Maybe no one else, in the history of humanity, represented, as Leonardo did, the real “genius”. In the heart of Renaissance, Leonardo explores, on his own, many different fields of art and science.
Piero della Francesca represents the spirit of humanism. Mind, liberated from medieval links, becomes the centre of a universe built “to suit Man". Space, light and colour, architecture and nature: Piero rules the image masterly.
Since he completed his academic formation throughout the Spanish provinces at the end of the 19th century until he died, going through the period of the Parisian avant-gardes and the explosion of Cubism, Picasso dominates the20th century art. His works are a symbol of the contemporary art and culture. .
He began as a copyist in the Louvre and then became the king of fauvism. Tireless and patient, Henri Mattise knew how to merge the lessons of former teachers and the new suggestions of the African primitive art in his painting.
From the Blaue Reiter, Kandisky is one of the most important forerunners of abstract art. His paintings and ideas are the most determining experiences for the evolution of contemporary painting.
The human parable of Rembrandt marks the highest and most tragic page of the Dutch “golden century”. Famous painter, then hastened to an unstoppable downfall, Rembrandt left great and memorable works, full of humanity and emotion.
Without leaving the joy of light and colour, Cézanne does not end his work in the “impression” but also takes part in the nature´s form, remodelling it “with the cube, the cylinder and the sphere”. He recovers the solemn tone of classical art, becoming a model for the 20th century avant-gardes.

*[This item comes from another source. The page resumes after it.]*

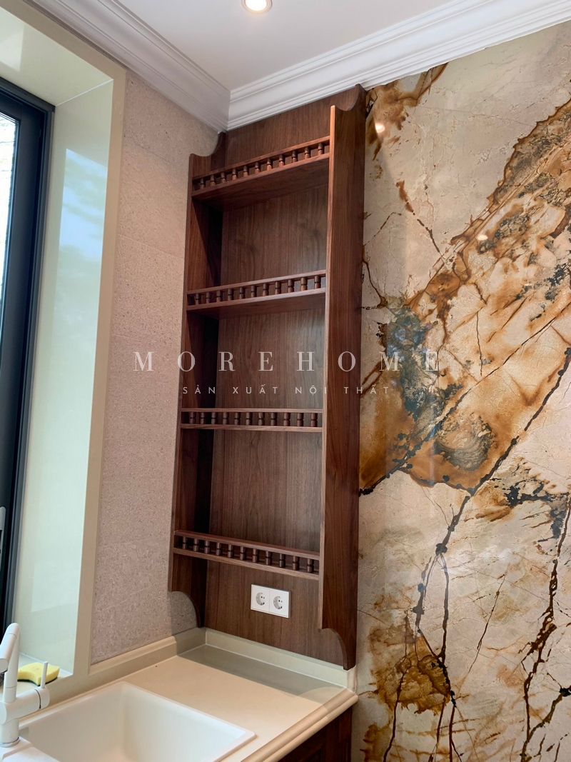 Tủ bếp gỗ óc chó được thiết kế trên mặt bằng có nhiều góc cạnh, nhưng vẫn đảm bảo được về công năng, tiện ích và thông minh.

In the calm artistic life of Paris at the end of the 19th century, the passionate painting of a Dutch young boy comes up. With brushstrokes full of colour and passion, Van Gogh transfers to the canvas the harsh tones and the emotions of a short but very intense life.
Gauguin is one of the most fascinating painters at the end of the 19th century. He is one of the few painters that rejected the impresionist and gay Paris. Gauguin contrasts the sublime search for purity and beauty, for which he leaves everything behind and travels to Tahiti.
Renoir offers some of the freshest and kindest images of art; great fun in a carefree Paris. Renoir is one of the promoters of Impresionism. His painting is always in movement, and gives us the gleaming ray of joy as a present.
Spain´s XVII century is the century of Velázquez, painter of genius, interpreter of a society oppresed by the court and the harsh reality. His art is the internal image of some men and women full of passions, whose intense and direct presence makes them closer to us and eternally present.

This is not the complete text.